Воровать Парамон был отучен еще в детстве, отцом отучен, с того самого дня, когда отец жестоко отодрал его, шестилетнего, за огурец, сорванный в соседкином огуречнике. Страх наказания позже перерос в понимание греховности, постыдности воровства. И тут, в представлении Парамона, не было разницы, у соседа ты украл или же у государства. Если у государства, так это еще хуже, считал Парамон. И рассуждал он как бывший солдат, фронтовик, и как человек, понимающий международную обстановку. Если ты украл у государства, полагал Парамон, то, стало быть, ты ослабил государство. И если, предположим, все мы начнем тянуть, пусть по винтику, по кирпичику, по кусочку народное добро, то мы настолько ослабим государство, что нас попросту могут раздавить. «Кто ворует у государства, — кипятился Парамон, — тот диверсант, тот враг!» А когда ему в споре возражали (а чаще всего он спорил на эту тему с Виталькой), что–де государство богатое, его–де не убудет, Парамон и вовсе выходил из себя, возмущался: «Да с чего ж оно богатое–то! С чего?.. Война такая была. Разруха. Токо–токо на ноги стали — на тебе, новую войну на нас готовят! Ты бы подумал своей башкой — сколько средств идет на эти ракеты! На эти бомбы! Откуда же нам богатыми–то быть!»
«Мелкий вор — он та же мышь, — говорил в другой раз Парамон. — Вроде и кроху отгрызла, к примеру, от куска мяса, а ежели десяток мышей? Ежели сотня?.. Весь окорок растащат, сволочи, по крошке–то!..»
«А тут разве по крошке тащут! — думал Парамон о некоторых дачниках. — Какие особняки отгрохивают!

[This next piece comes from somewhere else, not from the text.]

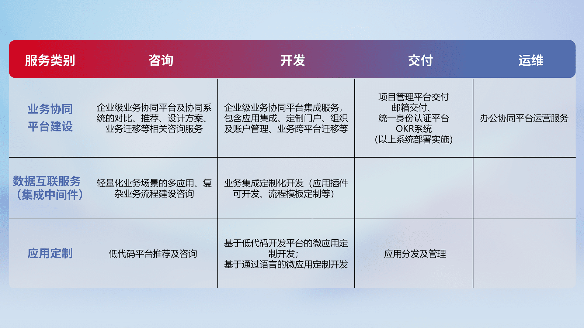 针对钉钉、、企微、、IDaas等平台级产品提供产品的规划、、方案、、、、交付、、、、定制化开发等服务,,,实现如统一协同办公、、、、智能客户服务、、、、混合会议管理、、、智能数据查询、、等业务场景,,,,实现数字化转型。。

На «Жигулях“, на «Волгах“ подкатывают к своим каменным хоромам! А спроси его, какая у него зарплата, и окажется сто двадцать рублей. Ну–ка, ты вот получаешь и двести, и двести пятьдесят, и триста, а ты накопишь ли на машину? Да еще на дачу? То–то и оно. Наворованные, стало быть, особняки и машины…»
Поскольку он, Парамон Хребтов, был единственным в деревне столяром по части оконных рам, наличников и ставней, то он был вхож и за глухие заборы, и в те самые особняки и видел — чего только не позаводила жулябия!
Но тут же и срезал себя допросом: «А кто им, буржуям, дорогу сюда дал? Кто их пустил сюда поначалу–то?..» И сам же себе отвечал: «Это ты их сюда пустил! Ты им дорогу дал!»
Тут весь горячий пыл Парамона шел на убыль, сникал, тут Парамон и осекался. И ходили его думы кругами да кругами. Старуха его, бабка Марья, стала замечать: работает Парамон около верстака, строгает сутунок, а сам с собой бормочет, будто спорит с кем, петушится… А то вдруг замрет, осовеет, уставится своими выпуклыми глазами в землю и стоит этак истуканом, а потом бормотать сызнова начнет. Это пугало бабку, у нее гусиная кожа выступала. «Туру сит старик–то! — догадывалась она. — Как бы он того… не помешался бы умом…»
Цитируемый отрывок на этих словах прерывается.